The left blue agent, when peeking around the corner, can see one red agent, but knows nothing about the other four red agents waiting around the other side of the central barrier. The right blue agent, on the other hand, knows that there are four more red agents there. If the two blue agents have line of sight and can communicate (assuming a simple case where other types of communication are not possible), then this information can be combined to give both agents an effectively larger view of the environment.

In an ideal situation, a team would like to know as much about its environment as possible in order to generate a viable plan of action. This implies that the agents should spread out across the environment such that their combined view will cover as much of the environment as possible. However, there are also situations in which the agents may need to hide due to immediate danger, such as entering the line of sight of an enemy. I hope to take these high-level behaviors and map them into constraints in a situation in which motion planning must be driven by more than just reaching an end goal. I would also like to look at what can be done in the case of having incomplete information about where the obstacles (enemies) are, or information that becomes invalid over time (e.g. if an agent looks at one area and sees an enemy and then turns away, the potential location of the enemy over time becomes less and less certain).

References

[1] Garber, M. and Lin, M. Constraint-Based Motion Planning using Voronoi Diagrams. Proc. Fifth International Workshop on Algorithmic Foundations of Robotics (WAFR), 2002.

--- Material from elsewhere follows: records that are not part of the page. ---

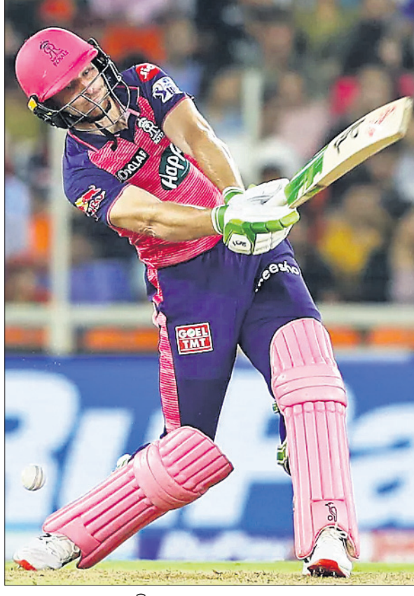
ଶର୍ ଖେଳିବା ଅବସରରେ ଶେଷ ବଲ୍ ଚଳାଇବା।

ଦିନିକର ବ୍ୟାଟରଙ୍କ ଦାୟିତ୍ଵହୀନ ପ୍ରଦର୍ଶନ ରୟାଲ ଚ୍ୟାଲେଞ୍ଜର୍ସ (ଆରସିସି) ବାଙ୍ଗାଲୋର ପାଇଁ ଯୁଦ୍ଧରେ ମହଙ୍ଗା ପଡ଼ିଛି। ଫଳରେ ଇଣ୍ଡିଆନ ପ୍ରିମିୟର ଲିଗର ଶୁକ୍ରବାର ଅନୁଷ୍ଠିତ ଗୁରୁତ୍ଵପୂର୍ଣ୍ଣ ବ୍ୟାଟିଂ ମ୍ୟାଚରେ ୨୦୦୮ରେ ରାଜସ୍ଥାନ ଚାମ୍ପିୟନ ହୋଇଥିଲା। ରିପୋର୍ଟ ଲେଖା ହେବା ବେଳକୁ ରାଜସ୍ଥାନ ୧୨ ଓଭରରେ ୨ ଉଇକେଟ ହରାଇ ୧୧୪ ରନକରି ବିଜୟ ପଥରେ ଅଗ୍ରସର ହୋଇଛି। ଓପନର ଯଶ୍ଵି କମ୍ପାଣ୍ଡ ୨୧ ଓ ସଞ୍ଜୁ ସାମସନ ୨୩ ରନକରି ଆଉଟ ହୋଇଥିବାବେଳେ ଶେଷ ଓଭରରେ ୩୭ ବଲ୍ ୬୯ ରନ କରି ଅପରାଜିତ ରହିଛନ୍ତି।
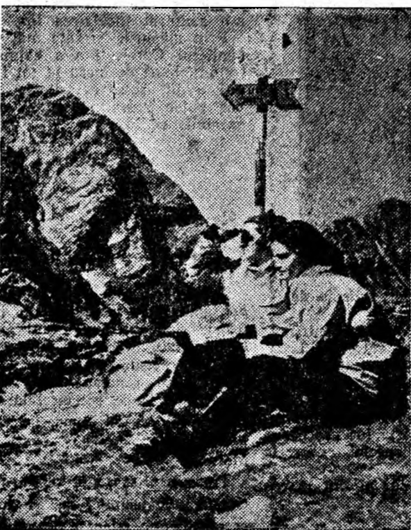
Popas pe Căstura Bucurii din muntii Retezat.

...un specimen viu de „monitor” fără urechi din Borneo a fost capturat de curînd? Această șopîrlă foarte rară constituie un vestigiu al fenomenelor care au marcat, acum cîteva sute de milioane de ani, trecerea de la saurieni la șerpi.
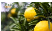
黄金贡柚 品牌宣传短片 抖音中的农特产品宣传视频
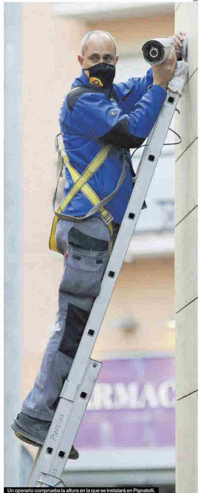
Un operario comprueba la altura en la que se instalará en Pignatelli.

Los sistemas de videovigilancia en Aragón instalados en la vía pública siempre están dirigidos a la calle y nunca a las viviendas. Las imágenes no son visionadas en tiempo real durante las 24 horas, sino que forman parte de un sistema de grabación cerrado al que solo tienen acceso las Fuerzas y Cuerpos de Seguridad del Estado. La condición es que haya ocurrido algún hecho delictivo que haga necesario su reproducción. En caso contrario, las imágenes se autodestruyen en un plazo de 30 días. Su instalación siempre se realiza a una altura de unos cinco metros y cuentan con sistemas de protección ante hechos vandálicos, así como tecnología que permite la filmación durante la noche. Siempre son estáticas y no pueden moverse.
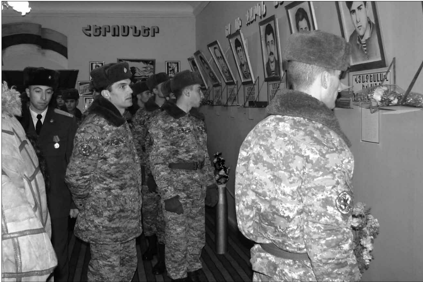
Ազգային բանակի մարտիկները ծանոթանում են մարտական փառքի սրահի ցուցանմուշներին:
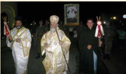
Άπό τόν έορτασμό τού Ι. Μητροπολιτικού Ναού τής Θείας Μεταμορφώσεως Σωτήρος Χριστού Καλύμνου 5 καί 6.8.2014
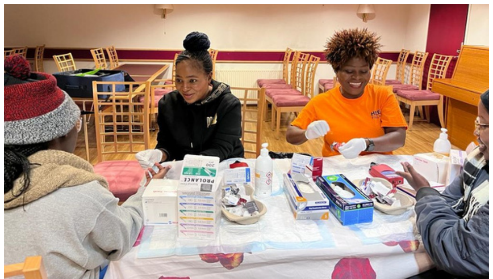
HEED Association Finlandin terveysillan hemoglobiiniarvonsa.

Infoillan osallistujilla oli myös mahdollisuus tarkistaa heidän hemoglobiiniarvonsa ja keskustella aiheesta kun paikalla oli kokeneita hoitajia vastailemassa osallistujien kysymykseen.
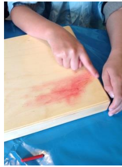
mit den Fingern verteilen
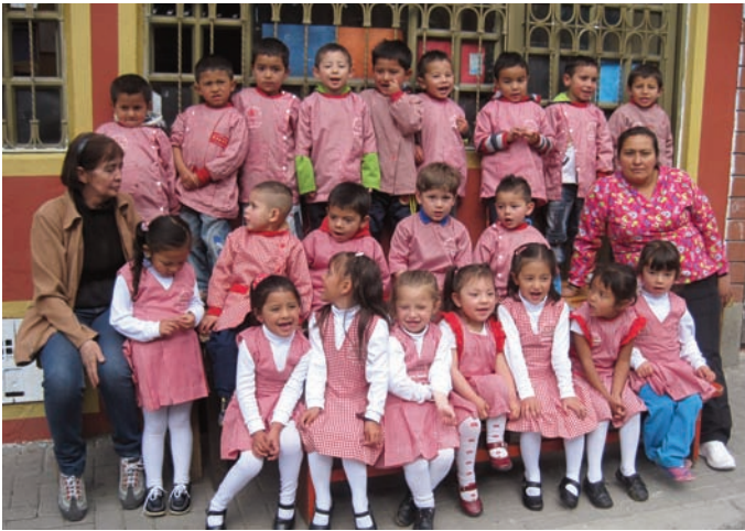
La classe du matin chez Nubia. Il y a davantage de garçons ici : 13, contre 8 filles. La classe de Nubia compte 22 inscrits.
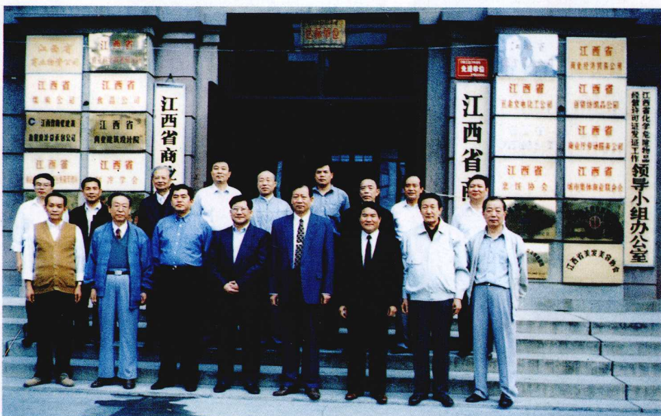
《江西省商业志》编辑委员会成员
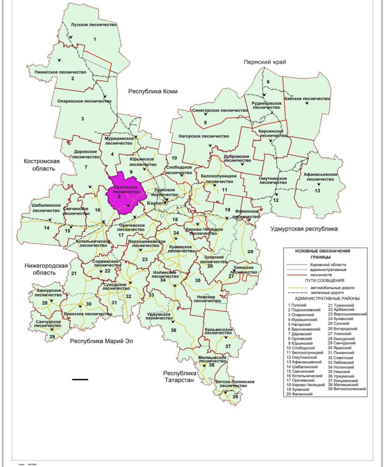
Рисунок 1. Карта-схема Кировской области с выделением территории Орловского лесничества
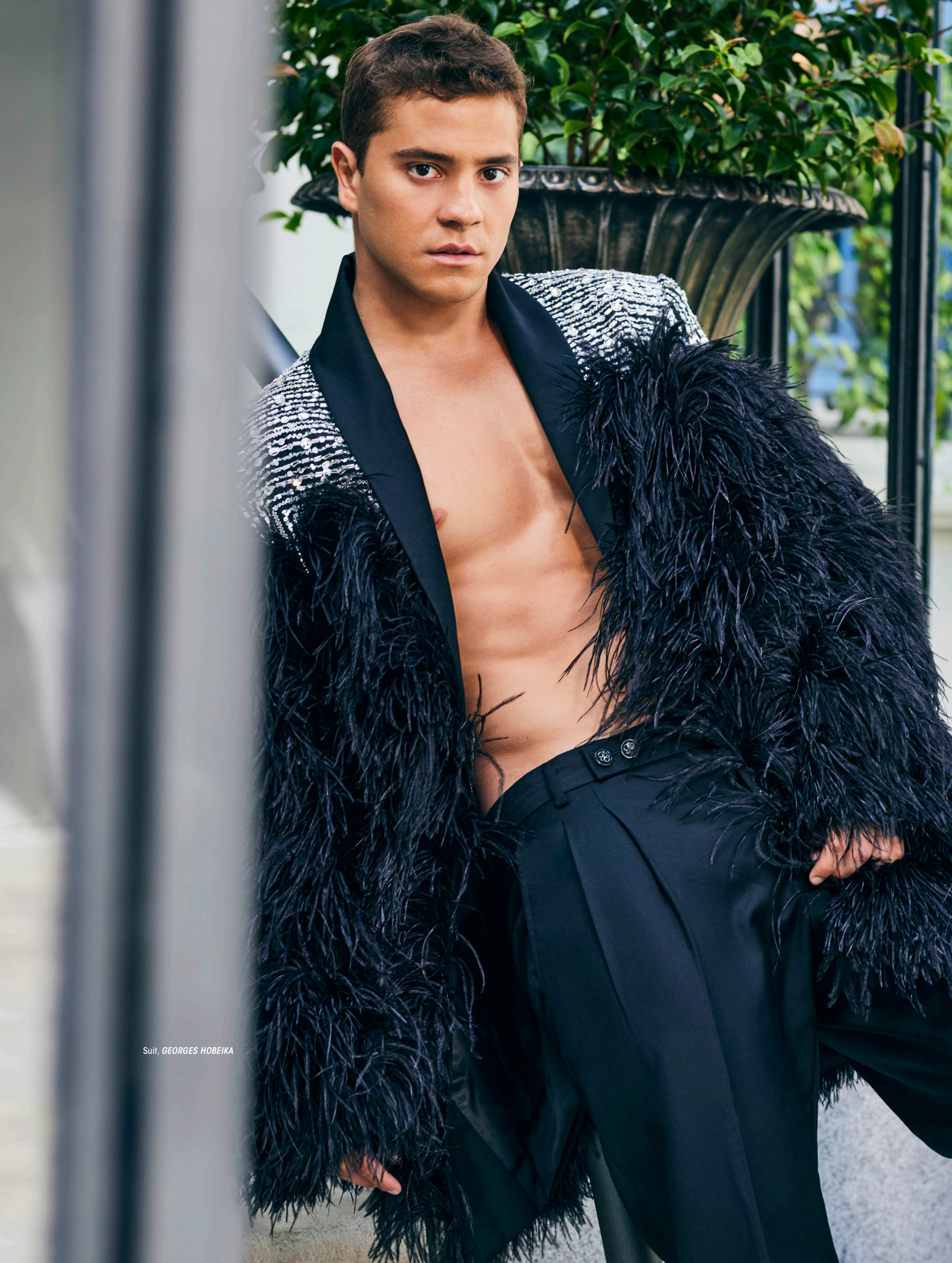
Suit, GEORGES HOBEIKA
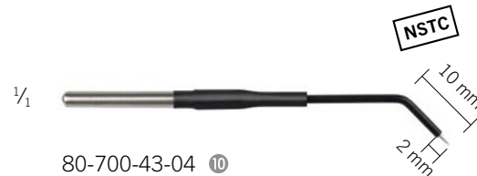
80-700-43-04 10 Wolfram-Mikro-Dissektionsnadel, 45°

[2] Garber, M. and Lin, M. Constraint-Based Motion Planning for Virtual Prototyping. Proc. ACM Symposium on Solid Modeling and Applications, 2002.

[3] Witkin, A. and Baraff, D. Physically Based Modeling: Principles and Practice. ACM Press, 1997. Course Notes of ACM SIGGRAPH.

[4] Reynolds, C. W.. Flocks, Herds, and Schools: A Distributed Behavioral Model. Computer Graphics, 21(4): 25-34, 1987.

[5] Goldenstein, S., Large, E., and Metaxas, D. Dynamic Autonomous Agents: Game Applications. Computer Animation, 1998.

[6] Goldenstein, S., Karavelas, M., Metaxas, D., Guibas, L., Aaron, E., and Goswami, A. Scalable nonlinear dynamical systems for agent steering and crowd simulation. Computer and Graphics, 25(6): 983-998, 2001.

[7] Stout, B. Smart move: Path-finding. Game Developer, Oct. 1996.

[8] Vinckle, S. Real-time pathfinding for multiple objects. Game Developer, June 1997.

[9] Pottinger, D. Coordinated unit movement. Game Developer, Jan. 1999.